Per i più ottimisti le elezioni del prossimo presidente della Federcalcio avrebbero dovuto somigliare alle primarie del 2012 tra Renzi e Bersani, quelle che sancirono il candidato premier del centrosinistra premiando il Pigi emiliano. Già pronti da settimane i paragoni roboanti in vista dell’11 agosto: il rottamatore Demetrio Albertini, 43 anni, contro l’uomo della “ditta” Carlo Tavecchio, 71 primavere. In realtà sarà un plebiscito dai risultati nettamente più rotondi delle primarie Pd. Stando agli accordi degli ultimi giorni Tavecchio avrebbe in tasca il 70% delle preferenze, ben oltre il 51 richiesto. A lui i voti di Lega Dilettanti, Lega Pro, Serie B e un’ampia fetta di serie A. Percentuali bulgare, tutto l’establishment o quasi. Un vantaggio schiacciante che ha il sapore di una vittoria certa, con buona pace di chi chiedeva tabula rasa dopo la disfatta azzurra in Brasile. Il sogno dell’ex centrocampista alla poltrona Figc dura il tempo di un volo pindarico, scaricato senza formalità dalle categorie che contano nel palazzo del calcio. Quello che Xavier Jacobelli definisce «l’inciucio dei Gattopardi».

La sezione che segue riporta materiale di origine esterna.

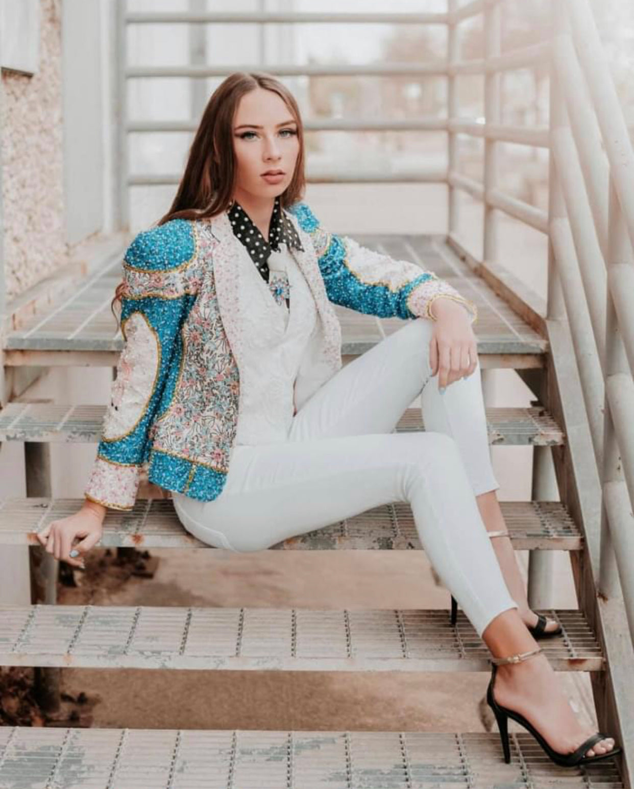 A touch of opulence is brought to life by the gold trim and metallic block beads, accentuating the edges of the jacket and creating a sense of luxury that perfectly complements the vibrant color palette.

Albertini-Tavecchio sarebbe stata una sfida generazionale e politica. Ventotto anni di differenza anagrafica, percorsi opposti. L’ex calciatore reinventato dirigente contro l’eterno ed esperto manager di scuola diccì, la rottura degli schemi contro la continuità. Un candidato che non è espressione di alcuna componente versus l’uomo d’apparato che da quindici anni governa la Lega Nazionale Dilettanti: 1,3 milioni di calciatori tesserati, 15mila società, 70mila squadre e un giro d’affari di 1,5 miliardi di euro. Eppure Demetrio non si è scomposto al momento della discesa in campo: «Voglio essere regista di un cambio, non sono un politico, sento la responsabilità verso chi mi ha proposto di metterci la faccia». A convincerlo i messaggi e le chiamate dal mondo del calcio, le pressioni dagli addetti ai lavori, gli attestati di stima della gente. Un fronte trasversale comprendente opinione pubblica e “società civile” che non voleva il candidato unico Tavecchio. Dal sindacato calciatori all’Assoallenatori fino ad Andrea Agnelli, lo sponsor più pesante (rimasto l’unico). Con Albertini marciano unite Juventus e Roma, mentre le altre società hanno deciso di convergere sul favorito. Barbara Berlusconi ad esempio avrebbe optato per il quarantenne, ma in casa Milan le decisioni di politica sportiva le prende Galliani, sostenitore di Tavecchio.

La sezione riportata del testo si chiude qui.